The Adventure of the Abbas Ruby    [3/5]

Slightly better than its predecessor, as the plot isn't so obviously cribbed from one particular story; instead, it fits into the Fabulous Jewel category, with “The Blue Carbuncle” and “The Mazarin Stone” representing the best and worst of this category.  The opening is taken from “The Beryl Coronet” and “The Priory School”: Holmes’ client—a butler and old lag—faints dramatically on the hearth-rug, and recovers enough to tell Holmes that the Abbas Ruby has been stolen from Sir John Doverton, along with all of Doverton’s prized red camellias.  Holmes’ detection takes him to the Nonpareil Club, and the story finishes rather weakly with a retread of “The Naval Treaty” and “The Mazarin Stone”.

 

The Adventure of the Two Women            [3/5]
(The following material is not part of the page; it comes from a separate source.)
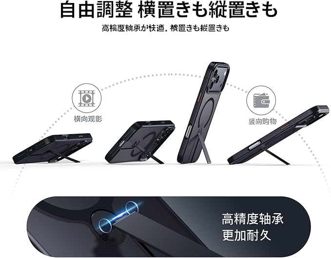 iPhone 17 Pro Max 用 ケース MagSafe対応 360 回転スタンド リング付き ストラップホール付き 耐衝撃 指紋防止 マットカラー 軽量 カメラ保護 ワイヤレス充電対応 (ブラック)

Here, the story is based on “Charles Augustus Milverton” and “A Scandal in Bohemia”, with bits of “The Three Gables” thrown in: Mme. Edith von Lammerain, a Russian spy, is in the process of blackmailing the Duchess of Carringford, widow of the Under-Secretary for Foreign Affairs, into giving her State Papers—otherwise, Mme. Von Lammerain shall reveal the Duke’s possible bigamy, ruining her daughter’s prospective marriage.  “This unhappy lady is faced with the choice of an act of treason to her country as a price for this marriage certificate or a public exposure followed by the ruination of one of the most revered names in England and the destruction of two innocent women, one of them on the eve of her marriage.”  Undeterred by a threat from the villain’s oafish accomplice (“The Three Gables”), Holmes burgles Mme. von Lammerain’s house, his chivalry leading him to risk prison for the honour of a woman (“Charles Augustus Milverton”) in order to seize the marriage certificate and defeat this woman in possession of papers with international ramifications (“A Scandal in Bohemia”).  The rather obvious solution relies on a knowledge of ink.
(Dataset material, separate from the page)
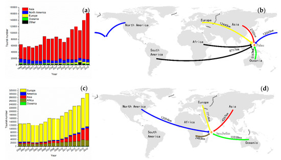 The international air transport passenger numbers have increased over time in both island countries, indicating the booming of tourism sector. As shown in Figure 2, number of passengers to Palau increased from 64,000 in 1998 to 162,000 in 2015, while that to Seychelles increased from 130,046 in 2000 to 303,177 in 2016. The average GCD values from the paired airports in different continents are plotted in Figure 2b, where the direction of arrows shows the passengers’ origin, and the colors of the arrows correspond to the different continents. In general, most of the passengers came from the nearest continents, as passengers from Asia and Europe formed the largest percentage of passengers to Palau (92%) and Seychelles (76%), respectively. The percentage of passengers coming from different continents remained almost the same. However, it was noted that the number of passengers from Asia to both Palau and Seychelles increased significantly.

Isn't the title awful, by the way?

 

The Adventure of the Dark Angels [4/5]

Having done The Avenger from the Past, The Fabulous Jewel, and The Incriminating Document, Adrian Conan Doyle now turns his attention to that staple of the Sherlock Holmes stories: the Criminal Gang.  Daphne Ferrers seeks help from Holmes for her father Joshua Ferrers, living at Abbotstanding since his return from Sicily (ears prick up…  “The Red Circle”, mayhaps?), and now “living under the shadow of a nameless shapeless dread”, as various Mysterious And Sinister Messages (“The Five Orange Pips”) have been arriving.  Eventually, Ferrers is murdered by an agent of the Mala Vita, whose (remarkably obvious) identity is deduced by Holmes, much to Watson’s amazement.

 

The Adventure of the Deptford Horror [5/5]
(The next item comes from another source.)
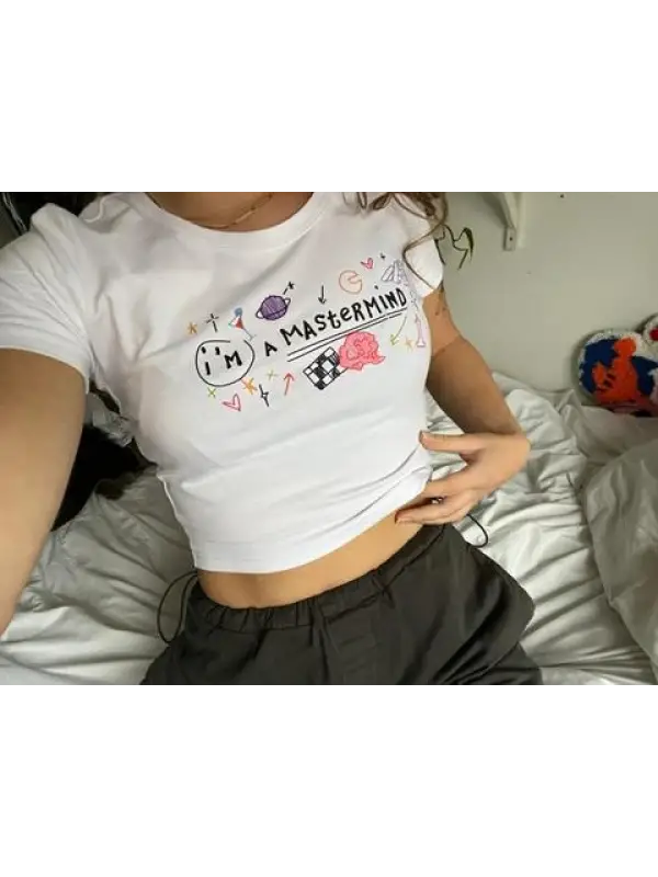 I'm A Mastermind Baskılı Beyaz Crop

Although the story is essentially a reworking of “The Speckled Band”, “the dreadful affair of the canaries and the soot-marks on the ceiling” is intriguing and thoroughly enjoyable to read, with a strong atmosphere due to the deaths of all but two of the Wilson family, the survivors being the daughter Janet, and the brother Theobaldwhose face “was seamed with countless wrinkles and of that dull parchment-yellow that comes from years under a tropic sun”, and who consults Holmes about Janet’s fears—his motive in so doing being identical to that of “The Retired Colourman”.  The slum setting, “that labyrinth of tidal basins and dark evil-smelling lanes that were once the ancient cradle of England’s sea-trade and of an empire’s wealth”, is a splendidly gloomy background for the bizarre crimes.  The ending shows great strength, and is genuinely horrifying.

 

The Adventure of the Red Widow [4/5]

Dr. Watson is feeling rather bored and elderly, so jumps at the offer to draw cards to see who shall spend the night in the deadly room belonging to Lord Tairlaine.  An inoffensive psycho-analyst named Bender is put into the room, and…  Sorry, wrong story.  The book opens with Holmes reading Watson’s thoughts, a scene borrowed from The Memoirs of Sherlock Holmes, and interrupted by a visit from Insp. Gregson, who wishes to consult him about the horrible case at Arnsworth Castle, where the “head of the house” has just been guillotined in his own machine.  The solution—even down to the method of smoking out the culprit—is borrowed from “The Norwood Builder”, but the story is still enjoyable to read.